- Born: Cardiff
- Known for: militant Quaker

= Dorcas Erbery =

Dorcas Erbery (fl. 1656–1659), was an English militant Quaker preacher. She was arrested with others in Bristol for blasphemy. James Nayler was convicted and he was sentenced by the English parliament to cruel and unusual punishment.

==Life==
Erbery was probably born in Cardiff. Her mother, Mary, was a Quaker preacher and her father, William, was an unconventional member of the clergy. He expected that a regime of 'saints' would (in the later 1640s) carry out God's will in England.

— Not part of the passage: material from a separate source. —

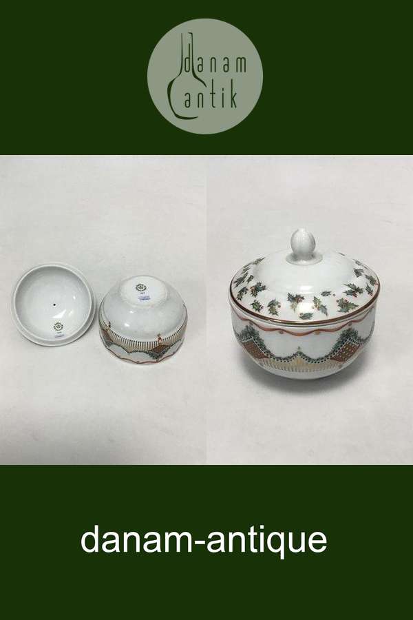 ロイヤルコペンハーゲン クリスマス・ジョイ シュガーボウル 磁器製 ヤドリギの形をした装飾付き蓋はNo.160、ボウルはNo.161。高さ: 10 cm、直径: 10 cm。

She came to notice in June 1656 when she and her mother were arrested in Cardiff. Mary and Dorcas Erbery were arrested with Toby Hodge because the three of them had been disrupting the service of an established clergyman and they were sent to prison.

Her biography is shaped by the actions in Bristol on 24 October 1656. On this day James Nayler who had just been released from jail in Exeter made a ceremonial entry into the city of Bristol. He was riding a horse and accompanied by his supporters. They were welcomed by local Quakers, but the authorities considered their behaviour blasphemous as they were reenacting Jesus Christ's entry into Jerusalem.

On the 27 October they were questioned by local magistrates. Dorcas said that James Nayler had raised from the dead despite the denials of Nayler. Nayler and some of his followers were apprehended and examined before Parliament. It was found that Nayler's followers had referred to him by such titles as "Lord", "Prince of Peace", etc., apparently believing that Nayler was in some manner representing the return of Jesus Christ. Hannah Stranger refused to say if she called him "Jesus", but Erbery was noted for calling him "son of God". On 16 December 1656 he was convicted of blasphemy in a highly publicised trial before the Second Protectorate Parliament. Narrowly escaping execution, he was sentenced to be put in the pillory and on there to have a red-hot iron bored through his tongue, and also to be branded with the letter B for Blasphemer on his forehead, and other public humiliations. Erbery, Martha Simmonds and Hannah Stranger gathered around the pillory where Nayler was tortured in a way that recalled the followers of Christ at his crucifixion.

Subsequently, Nayler was imprisoned for two years of hard labour.